Echo State Networks and Liquid State Machines

Herbert Jaeger · Wolfgang Maass · Jose C Principe

Black Tusk

A new approach to analyzing and training recurrent neural networks (RNNs) has emerged over the last few years. The central idea is to regard a sparsely connected recurrent circuit as a nonlinear, excitable medium, which is driven by input signals (possibly in conjunction with feedbacks from readouts). This recurrent circuit is --like a kernel in Support Vector Machine applications-- not adapted during learning. Rather, very simple (typically linear) readouts are trained to extract desired output signals. Despite its simplicity, it was recently shown that such simple networks have (in combination with feedback from readouts) universal computational power, both for digital and for analog computation. There are currently two main flavours of such networks. Echo state networks were developed from a mathematical and engineering background and are composed of simple sigmoid units, updated in discrete time.

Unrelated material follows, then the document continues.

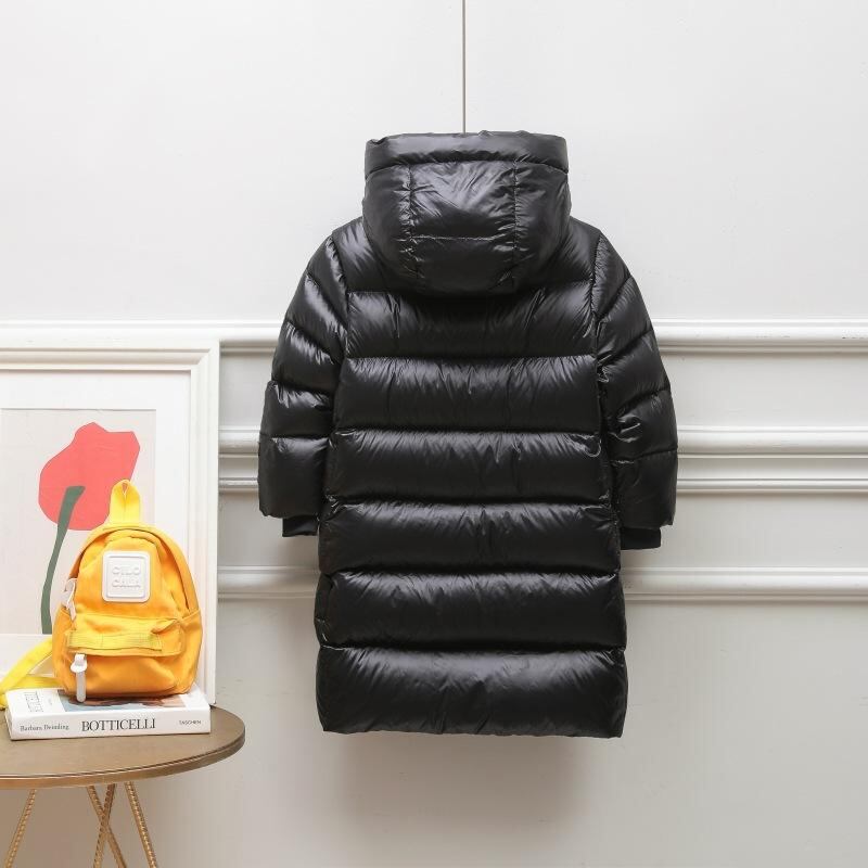 子供服 ダウンジャケット 男女兼用 中 крупный 子供 ロング丈 膝丈 ダックダウン 90% 厚手 防寒 アウター 秋冬 ブラック

Liquid state machines were conceived from a mathematical and computational neuroscience perspective and usually are made of biologically more plausible, spiking neurons with a continuous-time dynamics. Generic cortical microcircuits are seen from this perspective as explicit implementations of kernels (in the sense of SVMs), that therefore are not required to carry out specific nonlinear computations (as long as their individual computations and representations are sufficiently diverse). Obviously this hypothesis provides a new perspective of neural coding, experimental design in neurobiology, and data analysis. This workshop will cover theoretical aspects of this approach, applications to concrete engineering tasks, as well as results of first neurobiological experiments that have tested predictions of this new model for cortical computation.